Recently, he has redirected his research interests toward high-activation-energy kinetics, an emerging field that has been little explored as of yet. Characterizations, answers to questions and indeed questions themselves are rare in the current literature, despite the fact that they are frequent in a wide range of scientific disciplines.

One important example of high-activation-energy phenomena is chemical reactions that fail to occur, or are delayed, under “normal” conditions, but which are greatly accelerated by catalysts. Under such circumstances, the barrier that prevents or delays the reaction is lowered by an effect of entropy.
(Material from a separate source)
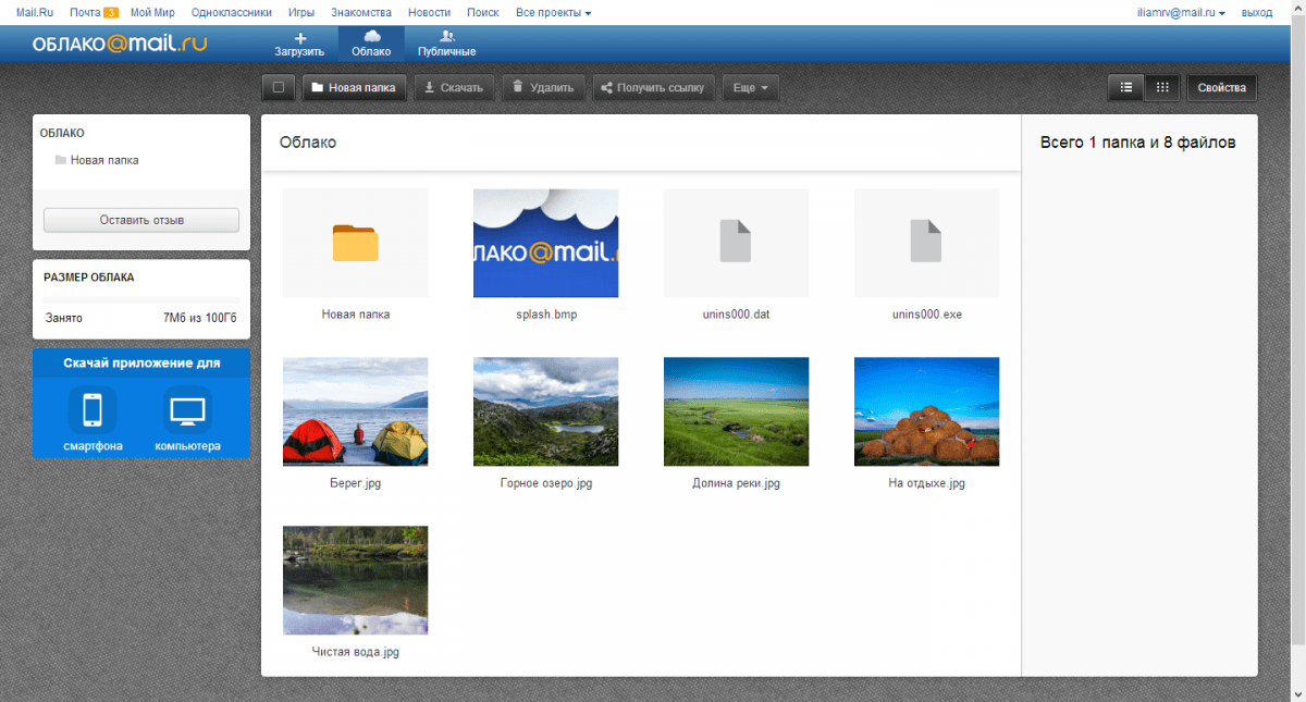 Теперь, чтобы сохранить эти фотографии на лэптопе, нужно зайти в это облако с той же учетной записи на переносном компьютере. Для удобства сервис предусмотрел как одиночное, так и массовое скачивание фото с помощью отметок(выделения). Облачный сервис сохраняет не только изображения, но и видеофайлы.

Generally speaking, the models that Professor Yelon works with are thermodynamic in nature—in other words, macroscopic—but they often have links to microscopic models, shedding light on mechanisms at the atomic and molecular levels.

Among other achievements, Professor Yelon and his collaborators have proposed an explanation for experimental observations of what physicians call the Meyer-Neldel Rule (MNR), chemists term the isokinetic relationship (IKR), and biologists refer to as the compensation law. These observations are made when the activation energy is greater than the available thermal energy and excitation energy. At very low temperatures, this is measured in a large fraction of one electron-volt, or more.

Current studies of high-activation-energy kinetics are focused on, notably, organic and amorphous semi-conductors (such as silicon). Professor Yelon maintains collaborations with other department professors, including Edward Sacher, Clara Santato and David Ménard.